Heyet gecikmeksizin yola çıkar. Heyetin başına getirilen Mustafa Şükrü Efendi, Türk devlet ve siyaset adamı Bülent Ecevit'in dedesinden başkası değildir. Resimdeki belge, Ecevit'in dedesi Mustafa Şükrü Efendi'ye görevi karşılığında 500 Osmanlı altını ödendiğini göstermektedir.
Çin'e giden heyet burada birkaç yıl kalır. Verimli temaslar yürütür. Halkla kurdukları yakın ilişki ve başarılı çalışmaları işgalci İngiliz ve Fransızları oldukça rahatsız eder. Hatta ben, geçtiğimiz ay Afganistan'daki helikopter kazasında şehit olan askelerimizin de böyle bir operasyona maruz kalıp kalmadıklarını hep merak etmişimdir.

Dönelim konumuza... İki ülke halkı arasındaki dostluğun kalıcı olmasını ve kurumsallaşmasını isteyen Çin'e giden Osmanlı heyeti, orada "Darü'l Ulûmi'l Hamidiyye" adında bir okul açmaya muvaffak olur. Okulun kapısında Türk bayrağı dalgalanmakta ve okulda yüzlerce Çinli öğrenci okumaktadır. Tıpkı şu anda yurtdışındaki Türk kolejlerinde olduğu gibi...

Mustafa Şükrü Efendi, torun Bülent Ecevit'in (28 Mayıs 1925'te) doğumundan 7 ay önce 23 Ekim 1924'te vefat eder. Yani Ecevit dedesini hiç tanıyamaz.

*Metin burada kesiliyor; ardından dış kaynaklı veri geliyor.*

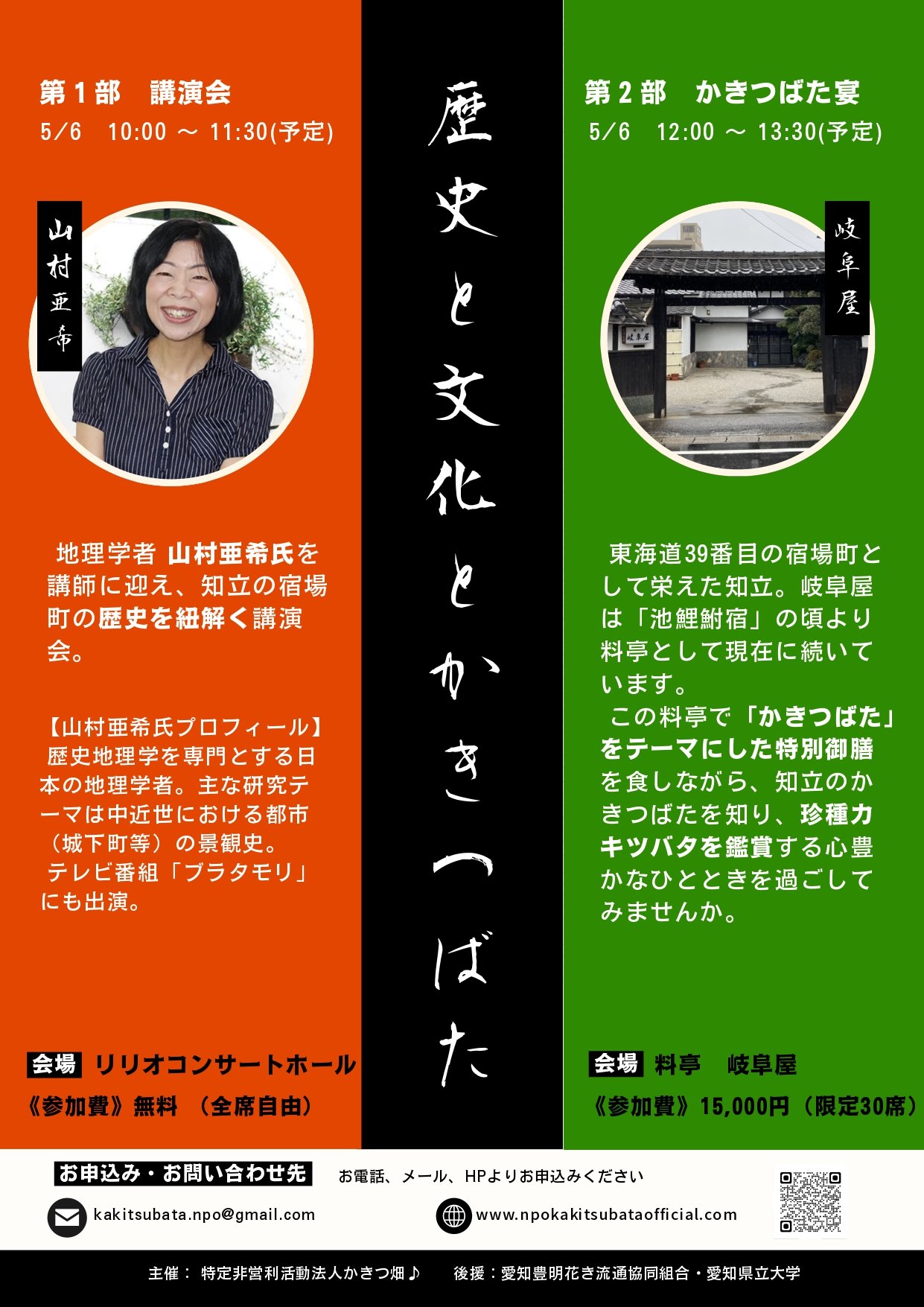 | 事前申し込み | ■申込締切日:2026年4月27日(月) ■定員:80名 ※定員に達し次第、締め切らせていただきます。 ■お申込み先:特定非営利活動法人かきつ畑♪ お申込みはお電話・メール・HPよりお申込みください ・電話:090-8546-3994 ・メール:kakitsubata.npo@gmail.com |

Ecevit'e dedesiyle ilgili belgeleri takdim ederken, dedesinin Çin'de Türk okulunun açılmasına olan katkılarından söz ettim ve belgeleri verdim. Günümüzde yurtdışında sayıları giderek artan Türk kolejlerine olan kendi ilgisinin ve himayedar yaklaşımının, dedesinin gösterdiği duyarlılıkla benzerlikler taşıdığını ifade etmiştim. Ecevit belgeleri görünce oldukça duygulandı. Ecevit'in birkaç gün sonra başlayan Çin gezisine katılan gazeteci arkadaşlar, Çin'de kaldığı otelde kendisini ziyarete gelen oradaki Türk öğrencilere kendi cebinden harçlıklar verdiğini ifade ettiler.

Bu ülkenin aydınlık geleceğine katkıda bulunan sanatçı, sporcu, işadamı, siyasetçi, simitçi aklınıza her kim geliyorsa, hepsinin ruhu şad olsun.